Какие самые невероятные семейные легенды передавались в вашей семье из поколения в поколение? Поделитесь ими на сервисе Familio в разделе «Биография» добавленного человека. Вдруг какая-то из них послужит основой для проведения дальнейшего архивного поиска.
—Как вы относитесь к фразе «на роду написано»?
— Думаю, что наши качества записаны в наших хромосомах, и они нам сообщают особенности поведения, которые иногда и направляют движение судьбы. Есть большая и таинственная область жизни, куда заглянуть может только человек огромных творческих дарований, как Толстой или Набоков, либо профессионал, который этим занимается. Такие тоже есть — составители гороскопов, гаданий и предсказаний, толкователи снов. И не подумайте, что я к этой породе людей отрицательно отношусь — мне встречались среди них проницательные и мудрые люди, чьи предсказания и прогнозы вполне укладывались, между прочим, в рамки здравого смысла. Но повторяю — мистику я нисколько не отрицаю!
— Оглядываясь назад, можете ли вы точно определить, что в большей степени повлияло на вашу жизнь и писательство — семья или круг общения и образование?
— Писательство мое — наследственное. Все в моей семье писали, причем в обеих линиях. Прадед по материнской линии писал комментарии к Торе, как и полагается образованному еврею (хотя не думаю, что у него было хорошее еврейское образование, семья была довольно бедной, отец его, мой прапрадед Исаак Гинзбург, был кантонистом, отслужил 25 лет на военной службе, воевал в балканских войнах, участвовал во взятии Плевны. Но от него как раз не осталось никаких писательских следов. А то, что писал его сын, мой прадед, родственники отнесли после его смерти в синагогу. Иврит, на котором он писал, к этому времени был практически в семье потерян. Последние три поколения уже имели университетское, то есть вполне светское образование. Сейчас мой старший внук Марк уже поступил в университет. Хорошо, насколько могу судить, пишет средний внук Лукас. Посмотрим, что будет дальше.

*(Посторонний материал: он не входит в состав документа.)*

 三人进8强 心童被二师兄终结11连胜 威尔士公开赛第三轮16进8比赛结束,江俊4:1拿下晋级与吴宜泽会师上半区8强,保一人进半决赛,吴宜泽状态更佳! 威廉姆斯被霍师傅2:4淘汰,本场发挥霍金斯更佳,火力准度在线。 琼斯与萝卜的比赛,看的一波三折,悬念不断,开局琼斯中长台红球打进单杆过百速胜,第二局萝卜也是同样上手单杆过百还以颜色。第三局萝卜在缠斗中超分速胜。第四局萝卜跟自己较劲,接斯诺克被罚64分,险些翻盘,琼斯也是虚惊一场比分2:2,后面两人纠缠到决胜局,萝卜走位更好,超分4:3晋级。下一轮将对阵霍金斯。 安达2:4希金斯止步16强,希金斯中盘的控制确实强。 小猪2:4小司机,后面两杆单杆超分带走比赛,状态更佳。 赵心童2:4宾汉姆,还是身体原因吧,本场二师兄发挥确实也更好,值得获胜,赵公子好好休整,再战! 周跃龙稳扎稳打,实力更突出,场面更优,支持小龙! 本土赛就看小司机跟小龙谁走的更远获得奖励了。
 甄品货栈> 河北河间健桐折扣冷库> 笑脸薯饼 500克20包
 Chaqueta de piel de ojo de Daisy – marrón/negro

— У вас два взрослых сына. Они способны чему-то научить вас сейчас, как когда-то ваши родители?
— Дети учат родителей не в меньшей степени, чем родители детей. В первую очередь терпению. Детские вопросы заставляют нас новыми глазами смотреть на давно известные вещи, и это замечательно. Мне с моими сыновьями интересно. В своих интересах они не сходятся, один — музыкант и переводчик, второй — организатор производств, мастер человеческих отношений. Я с ними иногда советуюсь: и по творческим, и по житейским вопросам.

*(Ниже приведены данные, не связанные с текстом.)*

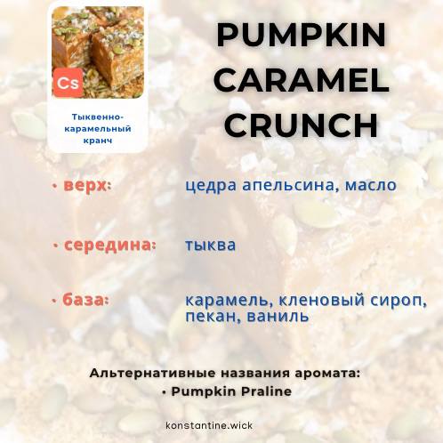 Один из самых аппетитных ароматов осени, ароматическое масло Pumpkin Caramel Crunch начинается с нот сливочного масла и апельсиновой цедры, а затем смешивается в аккордах восхитительной карамели, клена и тыквы. Ореховый, пекановый аромат, этот гурманский аромат лучше всего подходит для осенних свечных линеек среднего ценового сегмента, наполнит любое пространство восхитительными ароматами сезона.
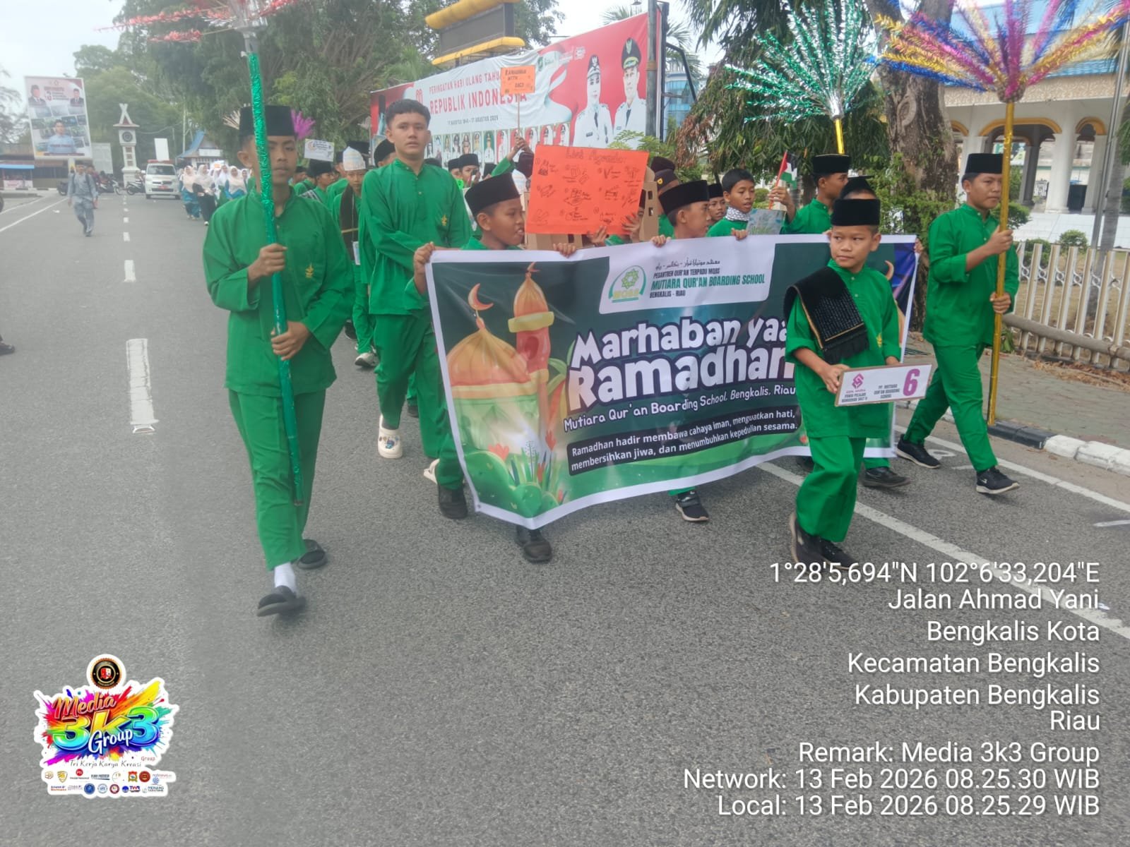 Peserta yang mengikuti Pawai Pelajar Sambut Ramadhan dari mulai tingkat SD, SMP dan SMA sederajat, dengan berbagai Pondok Pesantren yang ada di Bengkalis, Seperti Ponpes Mutiara Qur’an Boarding School dan SMP IT Ibu Harapan.
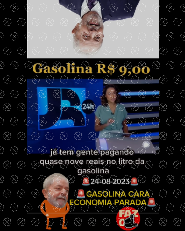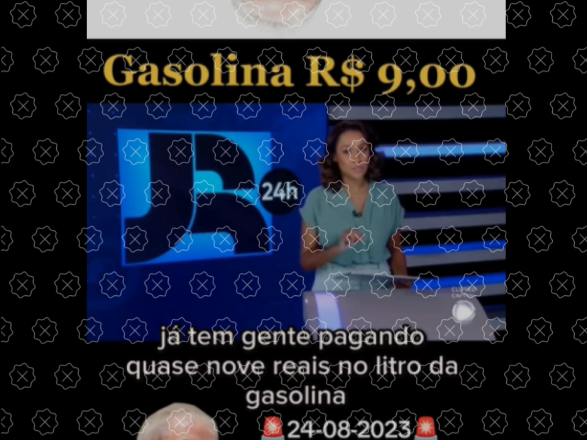 Uma notícia veiculada no programa Boletim JR 24h, da Record, do dia 7 de maio de 2022, que comenta o aumento do preço da gasolina nos postos de combustíveis do Brasil pela quarta semana consecutiva, tem circulado nas redes como se fosse atual para dar a entender que o valor ajustado teria acontecido no dia 24 de agosto de 2023 e, portanto, durante o governo do presidente Luiz Inácio Lula da Silva (PT), o que é falso.
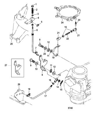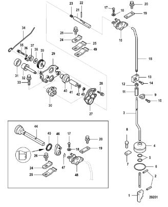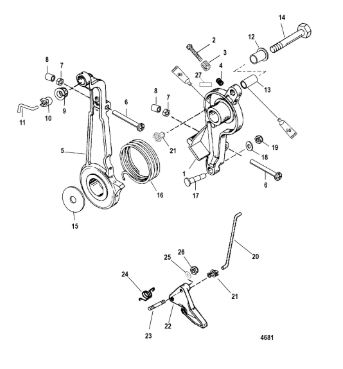 Компоненты ручки переключения передач 4-Х ТАКТНОГО ПЛМ MERCURY 135 Серийный номер от 0P514869 и выше

— Вы много живете не только в России, но и за ее пределами, например, в Италии. Это вам необходимо для вдохновения или это просто любовь к перемене мест? А как же дом, который должен быть одним, и в нем одна семья?
— Время больших разъездов у меня закончилось. Я уже год не была в Италии. Лучше всего я чувствую себя дома в Москве, и «охота к перемене мест» теперь все меньше меня беспокоит.

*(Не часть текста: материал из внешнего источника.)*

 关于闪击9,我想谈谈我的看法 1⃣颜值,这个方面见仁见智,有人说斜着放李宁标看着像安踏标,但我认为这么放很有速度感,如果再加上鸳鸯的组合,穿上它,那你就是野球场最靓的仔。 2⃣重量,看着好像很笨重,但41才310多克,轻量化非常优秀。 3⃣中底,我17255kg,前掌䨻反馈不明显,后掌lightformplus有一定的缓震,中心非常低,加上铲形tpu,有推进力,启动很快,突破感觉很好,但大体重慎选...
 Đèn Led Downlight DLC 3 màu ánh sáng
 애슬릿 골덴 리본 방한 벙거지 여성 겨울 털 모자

Работать я всегда могла где угодно, хоть в дороге, хоть на отдыхе. Впрочем, не знаю, что такое отдых — как человек, почти никогда не ходивший на службу. Это и хорошо, и плохо, такое отсутствие границы между работой, отдыхом и просто жизнью, которая представляется мне единым потоком.
Что же касается семьи, в узком смысле это я и мой муж, Андрей Красулин. В более широком — это не только наши трое детей, среди которых нет ни одного общего, но и наши любимые друзья. Эта скорей всего особенность, пришедшая из советских времен, — необычайно тесные связи между людьми, которые постоянно помогают друг другу в выживании.